Kathy Murray, Certified Master Relationship Coach
My husband and I fought about everything all the time.
Every day I told him what to wear, what to do professionally and around the house. I controlled all the money–how we spent it and invested. I would even redo the laundry he had folded or the way he’d set up the online banking because I didn’t think he had done it right.
He responded by shouting. Our home was tense and volatile, but I was sure that if Doug would only see things my way we could save our marriage.
I started going to therapy, where I would complain about how much I resented him because he never took initiative. I was exhausted from working full time, managing the household budget, and raising four children and my husband too!
There was so much distance between us that we slept in separate bedrooms. I was lonely, unhappy and devastated by the thought of a second divorce, but I also felt powerless to fix things.
I thought our failing marriage was entirely my husband’s fault, just like I believed that my first divorce was entirely my first husband’s fault.
It turns out I did have the power to save my marriage–and even to make it blissful again.
1. A Painful A-ha Moment
One night, I was complaining about Doug to my girlfriend–again–when she shocked me by saying, “Either shut up or else get a divorce.”
I was devastated. I booked a flight to visit my mother. I knew she would listen, and she would know what I should do.
I brought some books with me. One of them was The Surrendered Wife. Upon reading that book, I felt ashamed and embarrassed. For the first time, I realized that I was responsible for my failed marriages.
It was very painful. I sobbed that night and all the next day. I felt that Laura Doyle understood my pain because she had made the same mistakes and still saved her marriage.
But under my pain, I felt a glimmer of hope.
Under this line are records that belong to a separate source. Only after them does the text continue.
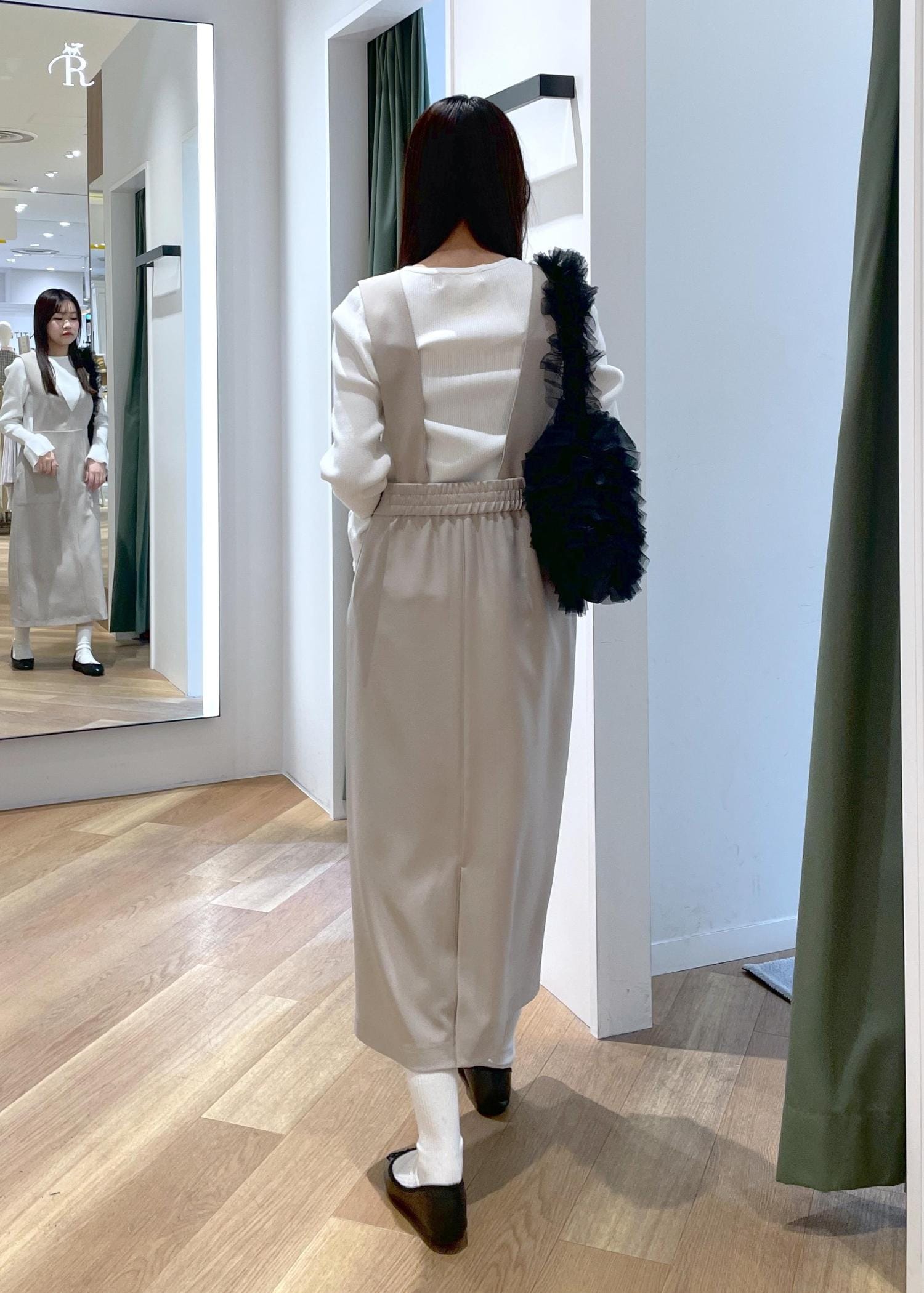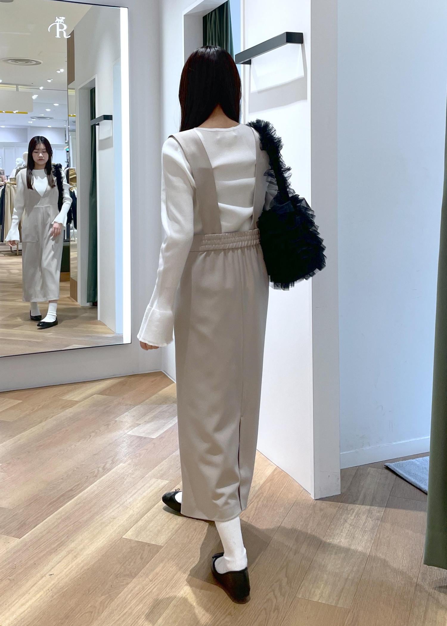 スカートの部分は綺麗なIラインシルエットなので、下半身をスッキリ見せてくれます。 -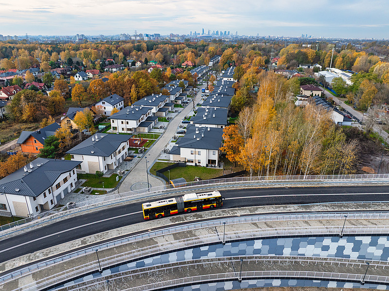 Na czterech potężnych podporach powstała konstrukcja z jezdnią, chodnikami oraz drogą rowerową. Przy wiadukcie wybudowane zostały także pochylnie, schody i windy dla osób z niepełnosprawnościami – ich uruchomienie nastąpi w najbliższych tygodniach. Na północnym dojeździe pojawiły się zatoki autobusowe z przystankami, a kierowcy korzystają już z nowego ronda na ul. Chełmżyńskiej, które powstało w ramach tej inwestycji. Do końca roku potrwają jeszcze ostatnie prace, w tym m.in. nasadzenia zieleni: 257 drzew, blisko 1650 krzewów oraz zakładanie trawników.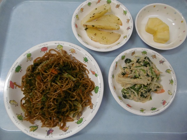6月8日(金)給食 ・焼きそば(麺・豚肉・キャベツ・玉ねぎ・にんじん・ピーマン) ・こまつなのカレー風味(こまつな・もやし・にんじん・ツナ) ・じゃがいものオーブン焼き(じゃがいも・パセリ・バター) ・パイナップル

2. An Experiment in Intimacy
When I returned, I decided to experiment. When Doug asked which cell phone service plan to pick, I said, “Whatever you think.” Those were completely foreign words to me, but I wanted to test the principles I’d read in Laura’s book, so I just said what she suggested.
My husband was nervous because he was sure he would blow it and hear about it from me later, so he asked again, “No, really–what should I do?”
I said, “Whatever you think. I trust you to make that decision.”
That night we crawled into bed together for the first time in months, and Doug said, “Boy, you have been so nice tonight.”
Tears rolled down my cheeks as I thought, “Oh my gosh! This works!” I felt like I turned my marriage around in one night. That was in 2001. I fired my therapist and hired Laura Doyle for coaching instead.
I let go of how my husband managed his life, the kids and chores, and I started taking better care of myself. I even handed over the chore of managing the finances, which my husband took on because he wanted to please me.
Soon we were blissfully happy again–just like when we’d met. He surprises me with presents and romantic trips. And this is as our 27th anniversary approaches!
It seemed so simple once I learned the 6 Intimacy Skills™.
If you feel like you are in charge or you’re lonely or you can’t figure out why your husband no longer pays attention to you, I certainly know what that’s like. I had a blind spot worth uncovering to restore the intimacy in my marriage.
What made all the difference was investing in myself, seeking support and surrounding myself with a group of like-minded women. Now I’m on a journey to end world divorce.